Re: how to set SPARK_WORKER_INSTANCES and SPARK_WORKER_CORES otpimally

Posted by Archit Thakur <ar...@gmail.com>.
Chen, The first one will launch 8 single threaded JVM's and the 2nd one
will launch 1 8-threaded JVM.
Performance depends on your data: If your data size is too small to be
processed, 2nd one is better because of the launching time of 8 JVM's in
first case. Also, if you have broadcasted anything, it'll have to that for
8 machines.
However, if you have quite big data to be processed, 1st one is better
because i. In this case you can ignore the launching time of JVM. and ii.
You'll now have 8 times memory available for processing.
Assumption made: All machines are equipped with same memory/computing power.

"""(a) gives us 40 workers with each core per worker (b) gives 8 workers
while each worker has eight cores.
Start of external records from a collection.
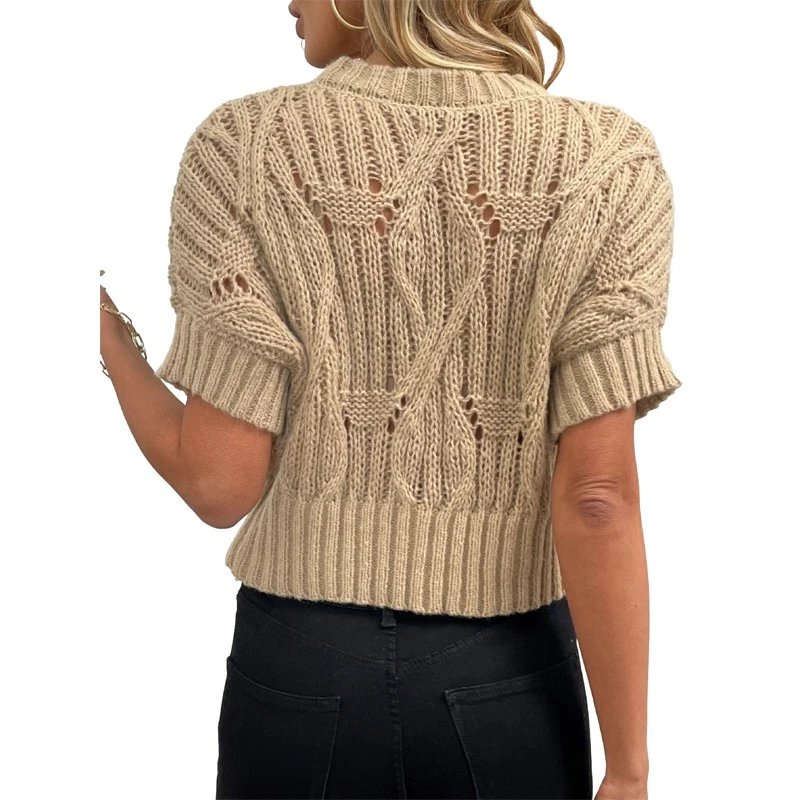 Os fabricantes profissionais de suéter feminino de mangas curtas ocas podem produzir suéteres de diferentes tecidos. Seja textura ou estilo de tecido e alfaiataria, eles têm vantagens óbvias. Os tecidos de algodão são muito adequados para a pele e confortáveis, adequados para compra e desgaste a longo prazo. Vale a pena notar que os blusas de algodão têm uma certa probabilidade de encolhimento; portanto, após a compra, eles precisam ser lavados e secos de acordo com as instruções para evitar retração e deformação causadas por lavagem e secagem inadequadas.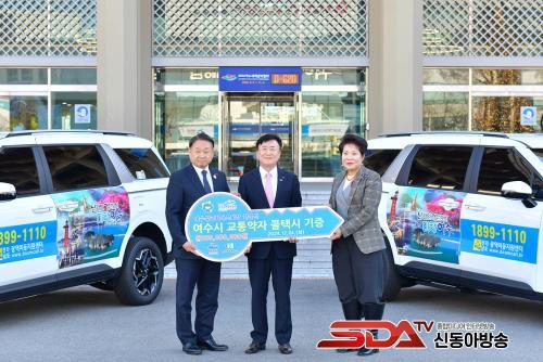 »çÁø=¿©¼ö½Ã(½ÃÀå Á¤±â¸í)´Â Áö³­ 24ÀÏ ½Ãû Çö°ü¿¡¼­ ¿©¼ö»ó°øÈ¸ÀÇ¼Ò Çѹ®¼± ȸÀåÀ¸·ÎºÎÅÍ 1¾ï ¿ø »ó´çÀÇ Àå¾ÖÀÎ ÄÝÅýà 2´ë¸¦ ±âÁõ¹Þ¾Ò´Ù°í ¹àÇû´Ù. (»çÁø ¿ÞÂʺÎÅÍ Çѹ®¼± ¿©¼ö»ó°øÈ¸ÀÇ¼Ò È¸Àå, Á¤±â¸í ¿©¼ö½ÃÀå, ÃÖÇöÁ¤ ±³Åë¾àÀÚ À̵¿Áö¿ø¼¾ÅÍ ¼¾ÅÍÀå)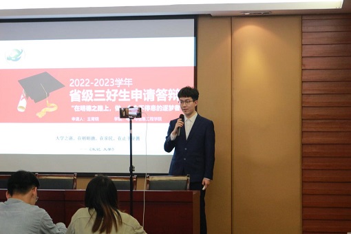 答辩过程中,候选人根据抽签顺序依次上台,每人通过5分钟的PPT充分展示了自己自入学以来在学习成绩、学科竞赛、学生工作、社会实践等方面取得的优异成绩。他们专业课学习扎实,锻炼实践创新能力;他们肩负青年大学生的理想与使命,在疫情中担任志愿者;他们从“三好”的含义讲到“德智体美劳”的具体体现,从实践活动经验分享到个人兴趣爱好,呈现了一场“神仙打架”般的视觉盛宴。先进班集体答辩中,各班汇报了班级的学风建设、班级建设、团学活动等内容,展现出班级的凝聚力和向心力,体现同学们奋发向上的精神风貌。
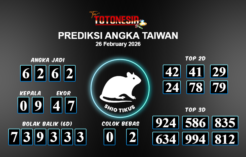 Toto Nesia : Bocoran Prediksi Togel TAIWAN Tanggal 26 FEBUARI 2026

Any advice on which better would
lead to better performance?"""

No, (a) gives u 8 workers with each core per worker (b) gives 1 worker
while each worker has eight cores.

Let me know, if any doubts.

Thanks and Regards,
Archit Thakur.



On Sun, Jan 26, 2014 at 5:58 AM, Chen Jin <ka...@gmail.com> wrote:

> Hi all,
>
> From spark document, we can set the number of workers by
> SPARK_WORKER_INSTANCES and the max number of cores that worker can
> take by using SPARK_WORKER_CORES, if I have 5 8-core machine, which
> one would perform better between
> (a)
>    SPARK_WORKER_INSTANCES = 8
>    SPARK_WORKER_CORES = 1
>
> and
> (b)
>    SPARK_WORKER_INSTANCES = 1
>    SPARK_WORKER_CORES = 8
>
> (a) gives us 40 workers with each core per worker (b) gives 8 workers
> while each worker has eight cores. Any advice on which better would
> lead to better performance?
>
> Thanks a lot,
>
> -chen
>